● **TASK ITEM**
Copy out exactly the stretch below, from the line with "He should be" through the line with "青年团员坚持用党的先进思想理", both included; the pictures stay out.

==== MATERIAL PROVIDED

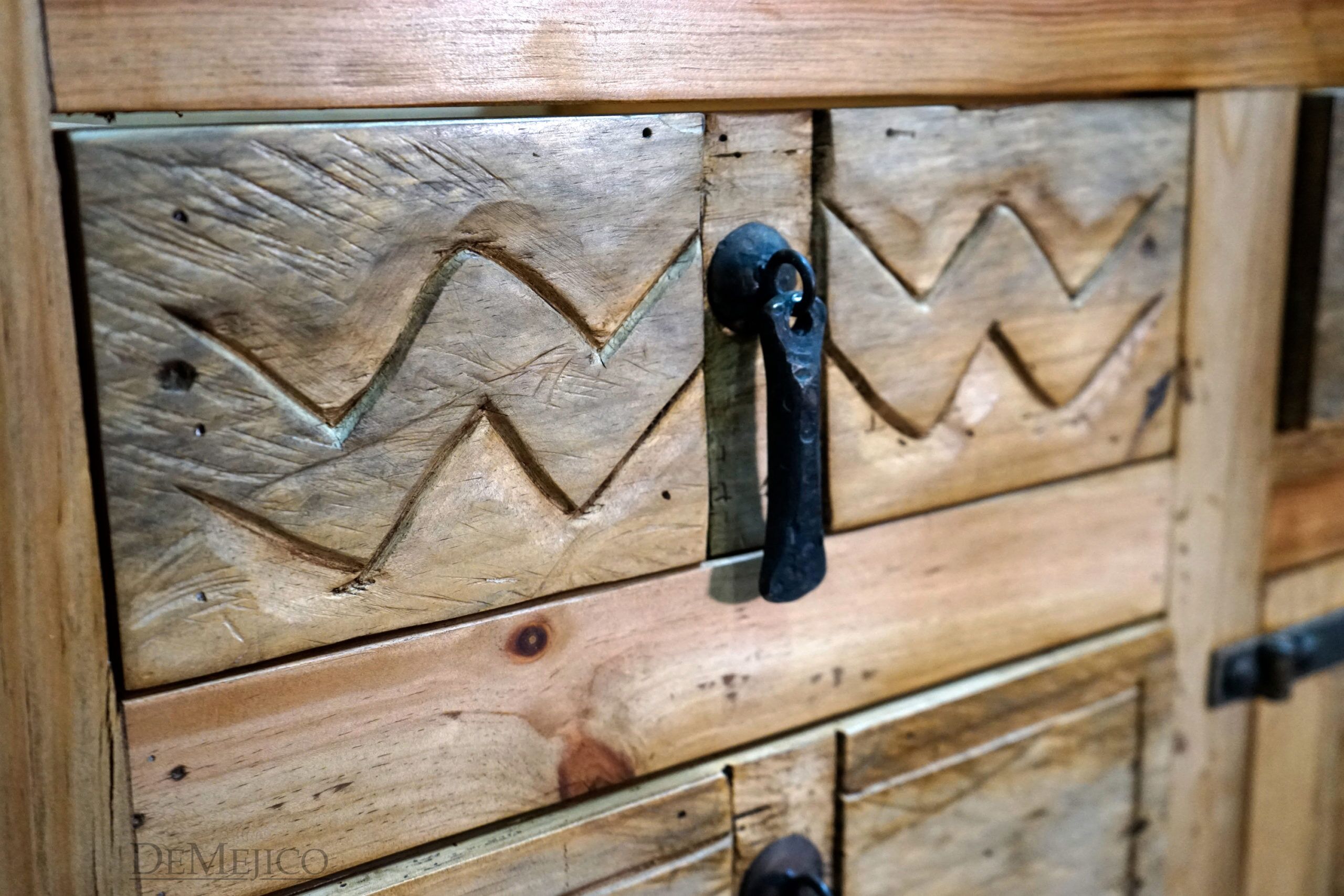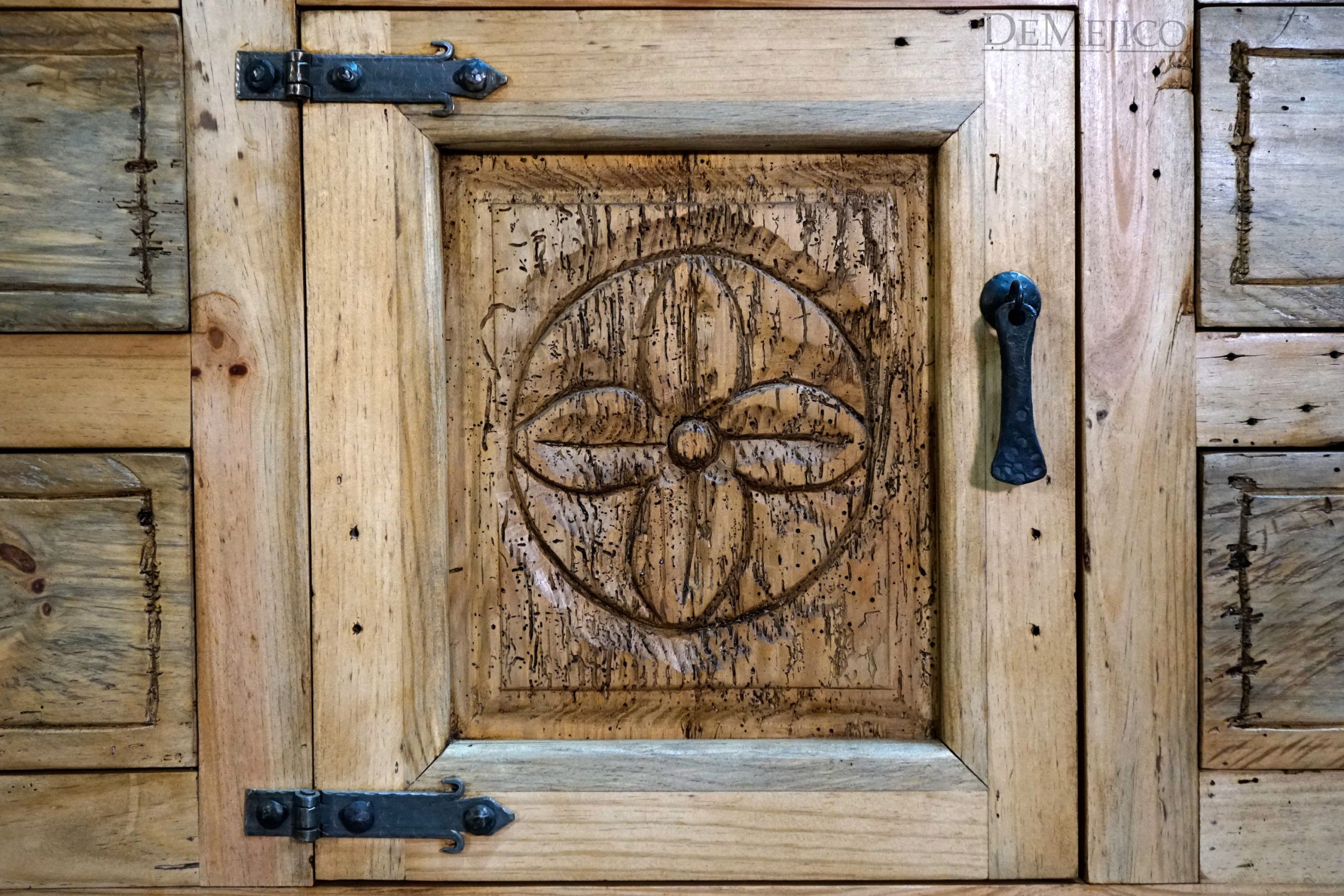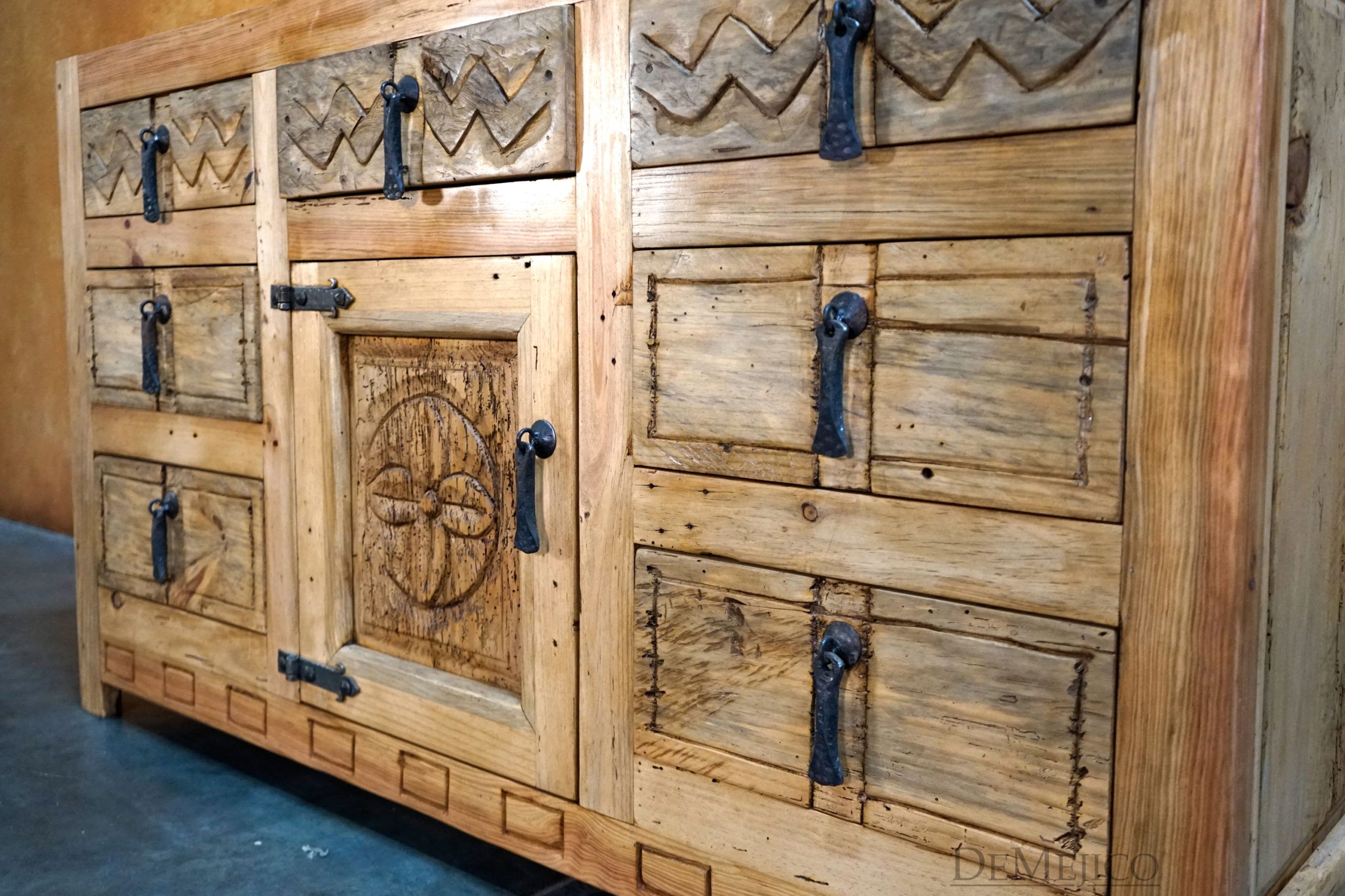 Newly designed, the Mirasol Vanity is a beautiful Spanish Colonial Vanity made from solid old wood. Grabbing your attention, the drawers and single cabinet feature hand carved Spanish Colonial designs, in our Mirasol style. Accenting these designs are raised panels and forged iron hardware, adding to that classic Spanish look. Finished with raised legs and a stain to enhance the wood and features, this piece is set to impress. Add the Mirasol Vanity to the already Spanish style of your home, or, just give your bathroom a touch of Spanish flair.
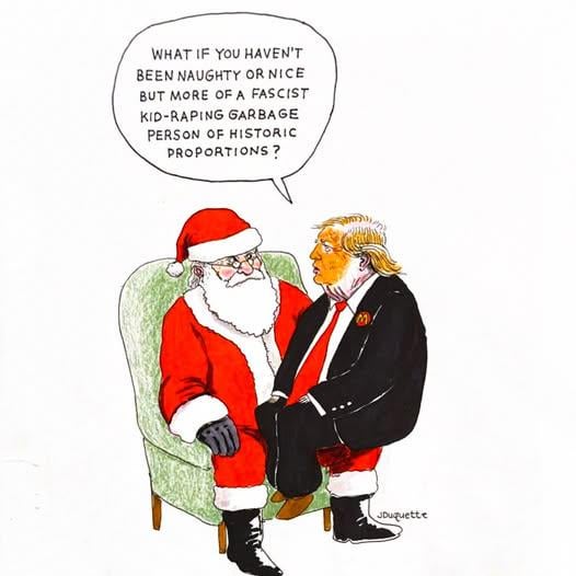 He should be sat on Satan’s knee, not Santa’s.
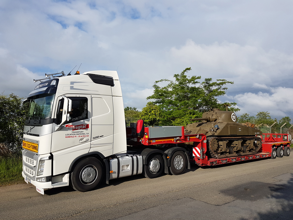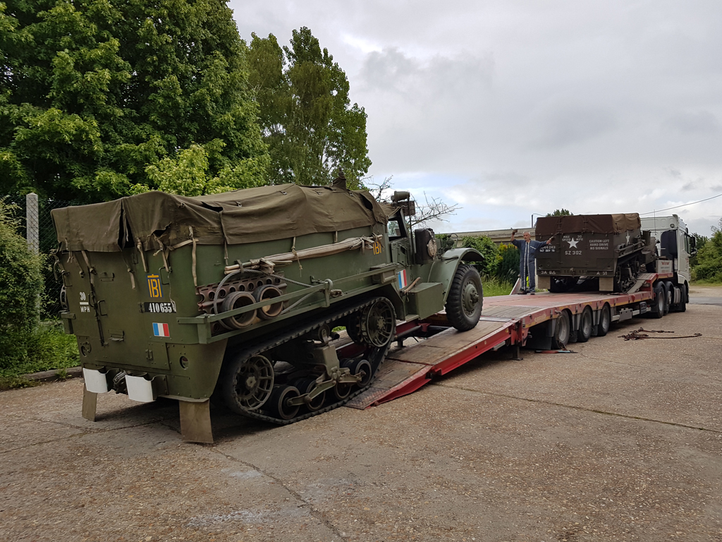 Alors que plusieurs lourds véhicules (GMC CCKW, DUKW et International M426) ont déjà pris la route le lundi 27 juillet, je m'occupe le 28 de charger le Sherman de l'association sur la remorque porte-char qui l'emmènera jusqu'en Normandie, et j'aide à charger les véhicules restants : Half-Track et Scout-Car.
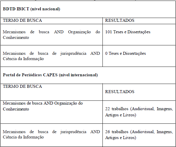 Em consonância, o primeiro objetivo específico é demonstrar se a Ciência da Informação, especialmente a área de Organização do Conhecimento, tem estudado sobre os mecanismos de busca de jurisprudência. Para isso, foi feito um levantamento bibliográfico em duas bases de dados: a do Portal de Periódicos da Coordenação de Aperfeiçoamento de Pessoal de Nível Superior (CAPES) e a da Biblioteca Digital de Teses e Dissertações, do Instituto Brasileiro de Informação em Ciência e Tecnologia (BDTD/IBICT), em âmbito internacional e nacional respectivamente.
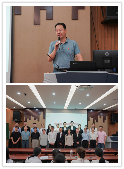 紧接着赵涵副书记宣读了本学期新发展的22名党员名单,由楼文军书记和赵涵副书记为新发展党员配发党徽。同时新发展党员进行了入党宣誓和老党员重温了入党誓词。
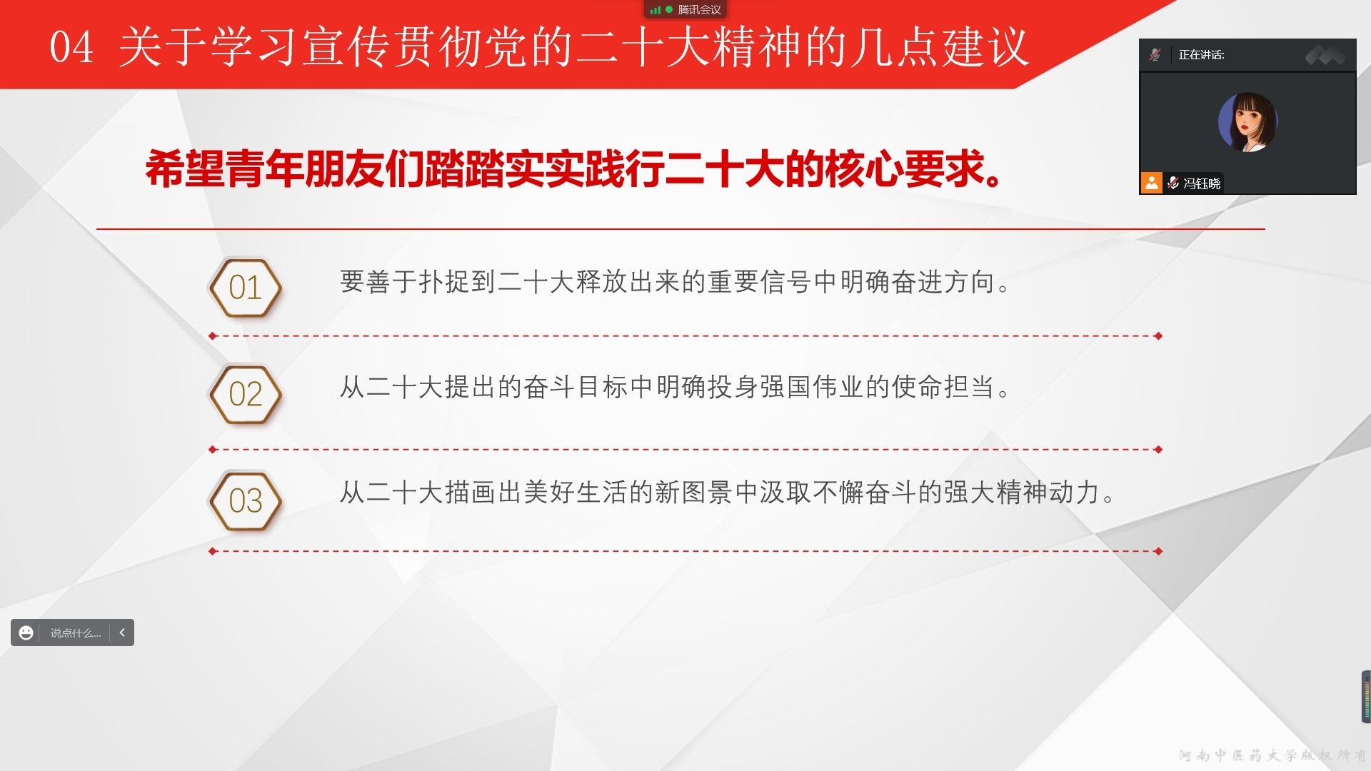青年团员坚持用党的先进思想理论武装头脑,也指引同学们听党话、跟党走,勇担时代责任使命,用实干担当为全面建设社会主义现代化国家贡献力量。
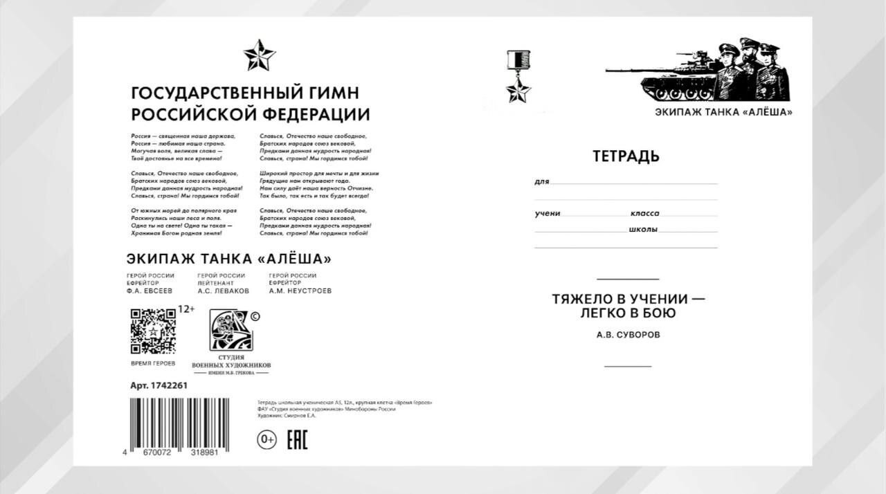 💬Капитан танка, родом из Приморского края, и его экипаж, уроженцы Республики Саха (Якутия), являются героями России и пользуются огромной популярностью на своей малой родине. Сообщение о выпуске учебных тетрадей с портретами славного экипажа вызвало волну поддержки в регионах, направленную на популяризацию и распространение школьных принадлежностей с патриотическими мотивами. Мы надеемся, что к этой инициативе присоединятся и другие регионы. На производстве, где создаются данные тетради, в качестве подарка детям, прибывшим на экскурсию, уже вручаются тетради с изображением знаменитого экипажа. Тем временем, крупные торговые сети уже разместили заказы на партии канцелярских товаров с патриотической тематикой.
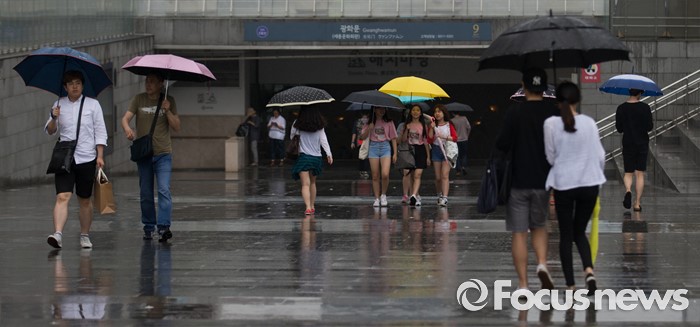 (서울=포커스뉴스) 전국적으로 비가 내리는 15일 오후 서울 종로구 광화문광장을 지나는 시민들이 비를 피해 발걸음을 재촉하고 있다.
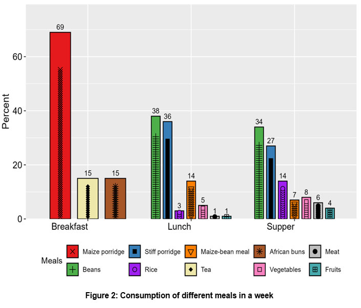 School meals were dominated by cereal grains, where the majority of both day and boarding schools reported higher use of maize (93.8%), beans (100%), rice (56.3%) and wheat (6.2%). These grains were sourced through parents’ contributions (75%) and purchases (53.1%) from markets (52.9%), individual farmers (52.9%) and registered suppliers (18.8%). Of the purchased grains, majority (75%) procured dehulled grains and flour and a small portion (25%) undehulled grains. While the majority of the schools sourced their grains within the Mvomero District (70.5%), few schools purchased grains from other places (29.4%) mainly Morogoro municipality (11.7%) and Morogoro district (5.8%) within the Morogoro region, and Kibaha district (11.7%) from Pwani region (Table 1).
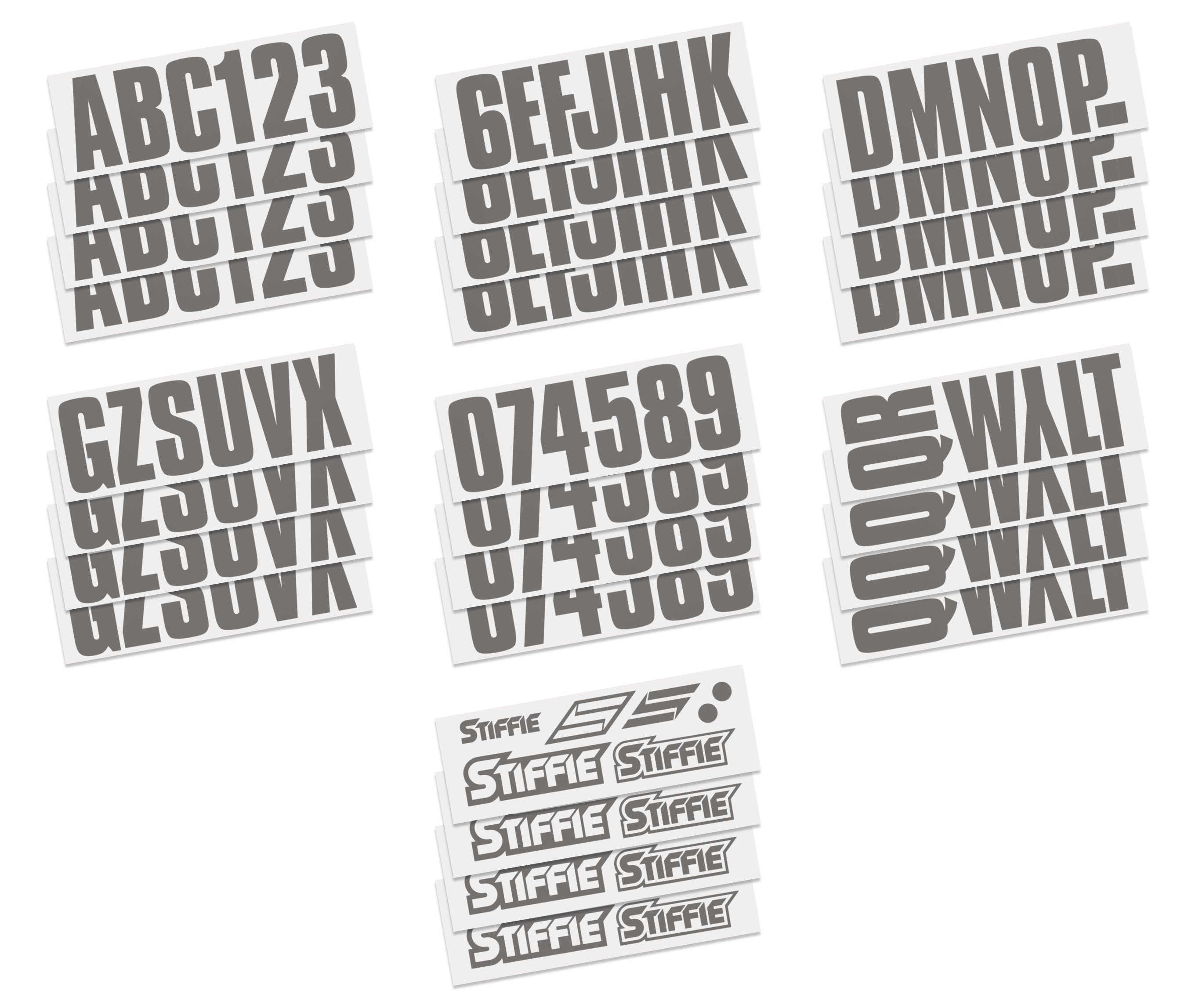 - All STIFFIE kits include 4 each of the letters A-Z and the numbers 0-9 for a total of 146 decals.

========

● **TASK RESPONSE**
 He should be sat on Satan’s knee, not Santa’s.
 Alors que plusieurs lourds véhicules (GMC CCKW, DUKW et International M426) ont déjà pris la route le lundi 27 juillet, je m'occupe le 28 de charger le Sherman de l'association sur la remorque porte-char qui l'emmènera jusqu'en Normandie, et j'aide à charger les véhicules restants : Half-Track et Scout-Car.
 Em consonância, o primeiro objetivo específico é demonstrar se a Ciência da Informação, especialmente a área de Organização do Conhecimento, tem estudado sobre os mecanismos de busca de jurisprudência. Para isso, foi feito um levantamento bibliográfico em duas bases de dados: a do Portal de Periódicos da Coordenação de Aperfeiçoamento de Pessoal de Nível Superior (CAPES) e a da Biblioteca Digital de Teses e Dissertações, do Instituto Brasileiro de Informação em Ciência e Tecnologia (BDTD/IBICT), em âmbito internacional e nacional respectivamente.
 紧接着赵涵副书记宣读了本学期新发展的22名党员名单,由楼文军书记和赵涵副书记为新发展党员配发党徽。同时新发展党员进行了入党宣誓和老党员重温了入党誓词。
青年团员坚持用党的先进思想理论武装头脑,也指引同学们听党话、跟党走,勇担时代责任使命,用实干担当为全面建设社会主义现代化国家贡献力量。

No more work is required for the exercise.